The compounds of formula (I) according to the invention are intended for use in the treatment of a subject. As used herein, the term "subject" includes mammals and non-mammals. Examples of mammals include, but are not limited to, any member of the mammalian species: human, non-human primates such as chimpanzees, and other apes and monkey species; farm animals such as cattle, horses, sheep, goats, pigs; domestic animals such as rabbits, dogs, and cats; the experimental animals include rodents such as rats, mice and guinea pigs. Examples of non-mammals include, but are not limited to, birds, fish, and the like.
The term "treating" as used herein includes achieving a therapeutic benefit. By therapeutic benefit is meant eradication or amelioration of the associated disorder being treated. For example, in a cancer patient, therapeutic benefit includes eradication or amelioration of the associated cancer. In addition, therapeutic benefit is also achieved by eradicating or ameliorating one or more physiological symptoms associated with the underlying disorder such that an improvement is observed in the patient despite the fact that the patient may still be suffering from the underlying disorder.
Another object of the present invention is a therapeutic composition for use in a method of treating thymoma comprising (a) a compound of formula (I) as defined above and (b) one or more cytotoxic or cytostatic chemical agents. Preferably, the thymoma is thymus carcinoma.

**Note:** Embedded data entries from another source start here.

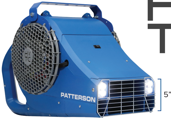
Optional Integrated LED Lights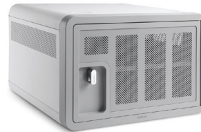
Secure and Charge B2B117

Applications: Dental Offices, Medical Facility Offices, Office Work Space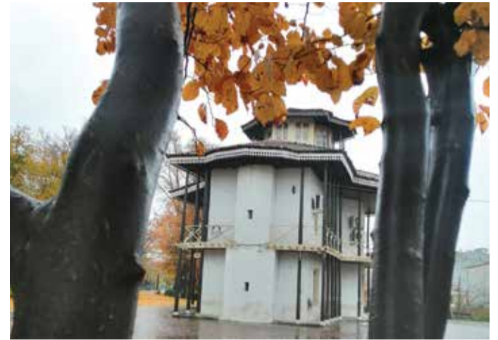
Kolah Farangi Mansion

Situated in the heart of Rasht, this remarkable park welcomes visitors all year round, providing an opportunity to relish the distinct allure of each passing season. However, it is worth noting that Rasht has earned the nickname "Rain City" due to its frequent rainfall, especially during the colder months. To ensure a pleasant and gratifying visit, we highly recommend checking the weather forecast in advance. This way, you can equip yourself with suitable attire and prepare for a comfortable and delightful experience. Rasht presents a captivating array of experiences that are bound to delight you in every way. From awe-inspiring natural landscapes to captivating historical sites, the city has it all. And let's not forget about the irresistible gastronomy that Rasht proudly offers. Additionally, within close proximity, you'll find enchanting attractions like Shahr-dari Square, Rasht Grand Bazaar, and the Gilan Rural Heritage Museum, each offering its own unique charm and cultural significance.

Exemplary cytostatic or cytotoxic chemical agents include alkylating agents (nitrogen mustards such as cyclophosphamide and ifosfamide), alkylating-like agents (i.e., platinum derivatives such as cisplatin or carboplatin), topoisomerase II inhibitors [ e.g., anthracyclines (such as doxorubicin and epirubicin) and podophyllotoxins (such as etoposide) ], antimicrotubule agents (such as taxanes, vincristine and maytansine), steroids, hormonal agents, immunological agents, interferon-type agents (interferon-type agents), cyclooxygenase inhibitors (e.g., COX-2 inhibitors), matrix metalloproteinase inhibitors, telomerase inhibitors (telomeasarinhibitors), tyrosine kinase inhibitors, anti-growth factor receptor agents, anti-HER agents, anti-EGFR agents, anti-angiogenic agents (e.g., anti-angiogenic inhibitors), farnesyl transferase inhibitors, ras-raf signal transduction pathway inhibitors, cell cycle inhibitors, other cyclin-dependent kinase inhibitors (cdks inhibitors), tubulin binding agents, topoisomerase I inhibitors, and the like.
The invention also relates to a pharmaceutical composition for use in a method of treating thymoma, preferably thymus cancer, comprising a compound of formula (I) as defined above, in admixture with a pharmaceutically acceptable carrier, diluent or excipient.
In another embodiment, the pharmaceutical composition according to the invention further comprises one or more cytotoxic or cytostatic chemical agents.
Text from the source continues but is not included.